The current state-of-the-art in basin modeling involves two-dimensional modeling of the physical state of the basin. Modeled parameters include temperature history, tectonic history, and sedimentation history. Less well-developed are models of pressure history, salt and shale redistribution, and fluid chemistry. The MSC contribution to the modeling project has particular emphasis on the modeling of hydrocarbon fluid chemistry through a variety of pressure and temperature regimes, and as thermal stress causes a breakdown of oil components to more stable products. An accurate modeling of the chemistry of hydrocarbon fluids can act as an important calibration parameter for the basin model.
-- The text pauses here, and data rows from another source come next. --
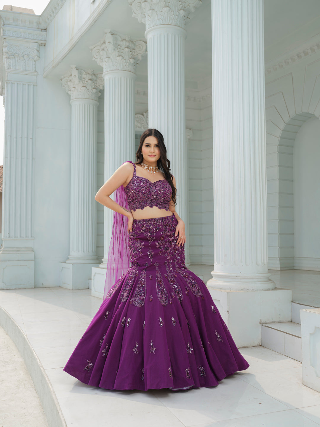 A rich and elegant purple lehenga, designed to make a statement. Perfect for weddings or festive occasions, it offers a timeless look with a touch of modern sophistication.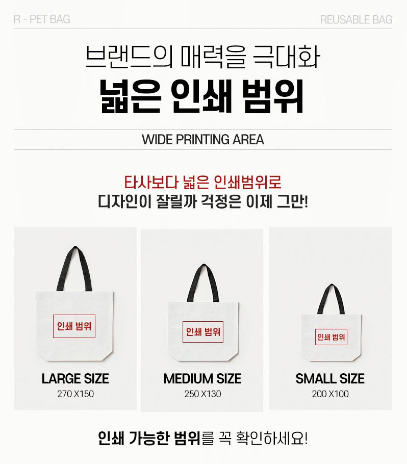 이 리유저블백은 타사보다 넓은 인쇄 범위를 제공하며, 1도부터 4도까지 다양한 색상의 인쇄가 가능해 원하는 로고나 메시지를 선명하게 담을 수 있습니다.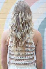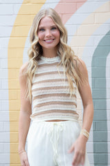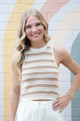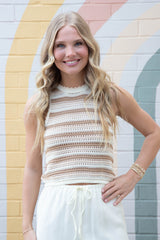 Unleash your playful side with the Tisha Striped Sweater Tank by Sadie & Sage. This cream multi top features a round neck, sleeveless design, and open knit with scalloped edges for a fun and flirty look. Slightly cropped for a trendy touch!

Furthermore, since the chemistry and phase state of hydrocarbons can have an impact on the economics of hydrocarbon production, accurate modeling of hydrocarbon chemistry can aid in risk management and exploration decision-making.
My current work at the MSC is aimed at developing and deploying tools to model the chemistry of hydrocarbon fluids. In engineering fluid flow problems such as reservoir management, the accepted toolkit includes equations of state and fluid phase equilibria models. These tools require some modification before they can be deployed in a basin model, as the problem constraints are somewhat different than those faced by the petroleum or refinery engineer. Most notably, the pressure-temperature conditions deep within a basin are quite different than those of the hydrocarbon reservoir, and the flow system is open, rather than closed. My current work includes deployment of new equations of state, implementation of lumping schemes to divide an oil of uncertain composition into manageable fractions, and porting these models to the Windows NT environment. Future applications of the work can be expected in both upstream (exploration and exploitation) and downstream (refinery) problems. With some adaptation, these models can address more surficial problems such as multiphase pollution flow in groundwater.
Support for this project is gratefully acknowledged from the Department of Energy National Petroleum Technology Fund.